(Data records)
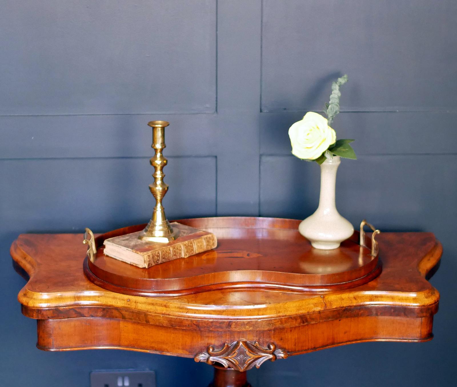 Capture the grace of a bygone era with this stunning Edwardian kidney-shaped tea tray. More than just a functional piece, this tray is a celebration of early 20th-century refinement, designed to turn a simple afternoon tea into an elegant occasion.
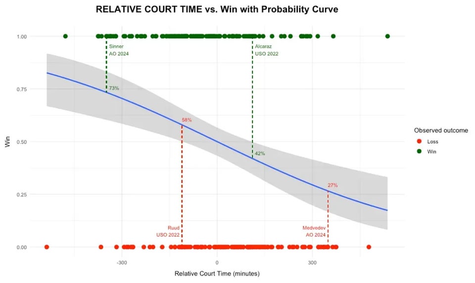 We published an article, where we look at 30+ years of data to analyse the impact of total time and relative time on court. The graphs below show the shift in win probability between the two models. If you think this is interesting and want to read more the link is below. Any feedback welcomed
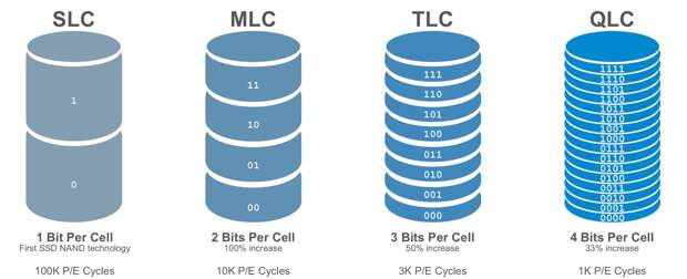 - SLC (1 бит на ячейку) — до 100 000 циклов (дорогая, почти не используется в быту);
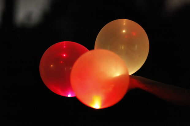 Poner el LED dentro de un globo transparente (es decir, claro, no color) y lo infla. Quería el balón tan lento como sea posible ascender inicialmente que sellé el globo con un trozo de alambre para comprobar sus capacidades de elevación. Después de unos pocos graduales inflaciones y deflaciones encontré que relativamente 9″ globo puede levantar esta carga.
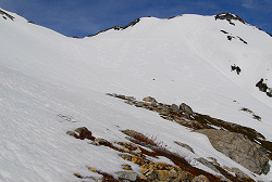 まだ時間が早かったので、斜面はカチカチの状態である。雪崩が怖いので急いで安全な場所へ行きたいが、シールがスリップしてしまい先へ進めそうにない。アイゼンに切り替えて山頂を目指すことにした。
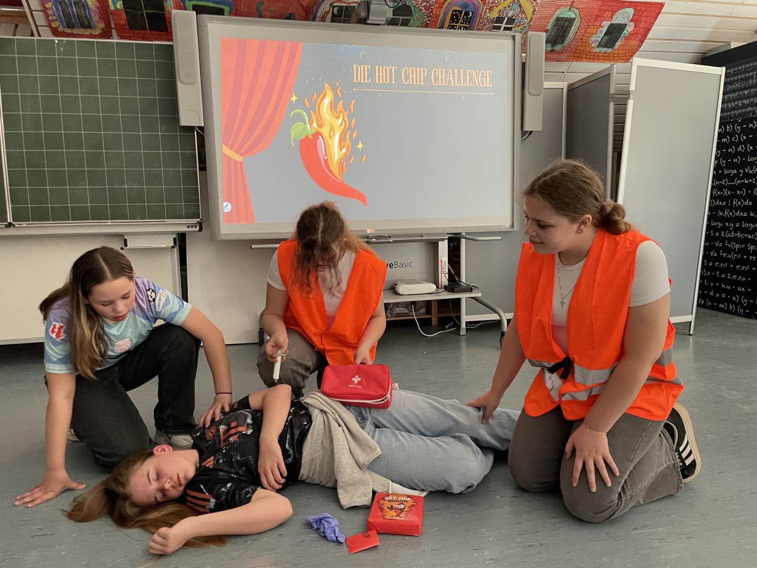 Die Jahrgänge 5 und 6 näherten sich den Inhalten auf besonders kreative Weise. Ein Highlight war der Auftritt des Theaterkurses des 6. Jahrgangs. Unter dem Motto „Vorhang auf“ präsentierten die Schülerinnen und Schüler ihre selbstgeschriebenen Stücke, in denen sie eigene Erfahrungen verarbeiteten. Themen wie Fake-Profile, Missverständnisse in WhatsApp-Gruppen, Onlinesucht und fragwürdige TikTok-Challenges wurden eindrucksvoll auf die Bühne gebracht.
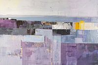 Dit prachtige kunstwerk toont een moderne skyline die opvalt door zijn kleurrijke blokken en abstracte vormen. Het samenspel van paarse, grijze en witte tinten creëert een unieke en sfeervolle weergave van een stad aan de horizon. Dit ontwerp is perfect voor liefhebbers van moderne kunst en geeft een stijlvolle en eigentijdse…
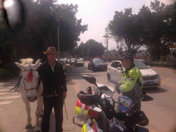 铁骑马上引导马匹和人员靠边,该骑手表示由于附近塞车,所以要骑马上班。
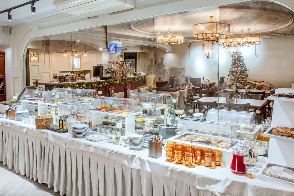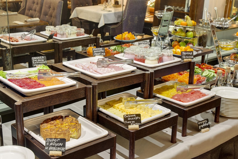 The restaurant on the property is A+++++!!!! Outstanding! Try the beef stroganoff!!!! Quality decision. The front desk is amazing and their English perfect! The location is right next to the Hermitage Museum. GO THERE!
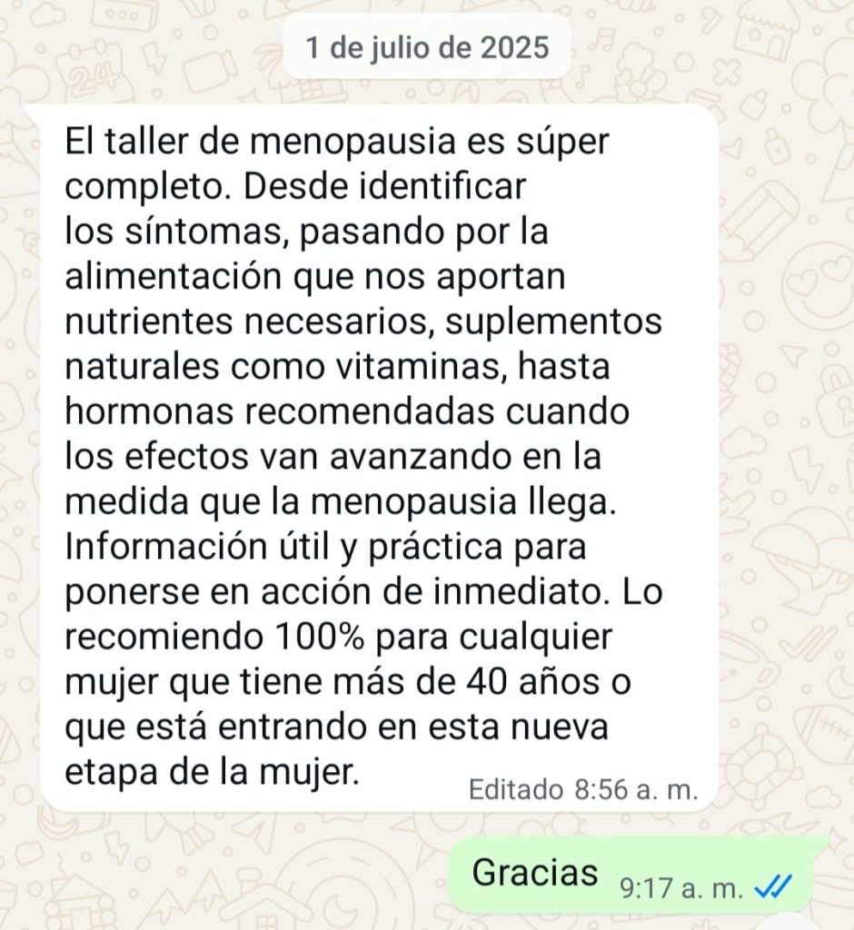 Vive tu perimenopausia y post menopausia con conocimiento, acompañada y con herramientas prácticas.

→ REQUIREMENT: Reproduce the data above exactly, but only the lines from the one showing "Die Jahrgänge 5" through the one showing "The restaurant on", with both ends kept and the pictures left out.

→ SOLUTION TO THE PROBLEM:
 Die Jahrgänge 5 und 6 näherten sich den Inhalten auf besonders kreative Weise. Ein Highlight war der Auftritt des Theaterkurses des 6. Jahrgangs. Unter dem Motto „Vorhang auf“ präsentierten die Schülerinnen und Schüler ihre selbstgeschriebenen Stücke, in denen sie eigene Erfahrungen verarbeiteten. Themen wie Fake-Profile, Missverständnisse in WhatsApp-Gruppen, Onlinesucht und fragwürdige TikTok-Challenges wurden eindrucksvoll auf die Bühne gebracht.
 Dit prachtige kunstwerk toont een moderne skyline die opvalt door zijn kleurrijke blokken en abstracte vormen. Het samenspel van paarse, grijze en witte tinten creëert een unieke en sfeervolle weergave van een stad aan de horizon. Dit ontwerp is perfect voor liefhebbers van moderne kunst en geeft een stijlvolle en eigentijdse…
 铁骑马上引导马匹和人员靠边,该骑手表示由于附近塞车,所以要骑马上班。
 The restaurant on the property is A+++++!!!! Outstanding! Try the beef stroganoff!!!! Quality decision. The front desk is amazing and their English perfect! The location is right next to the Hermitage Museum. GO THERE!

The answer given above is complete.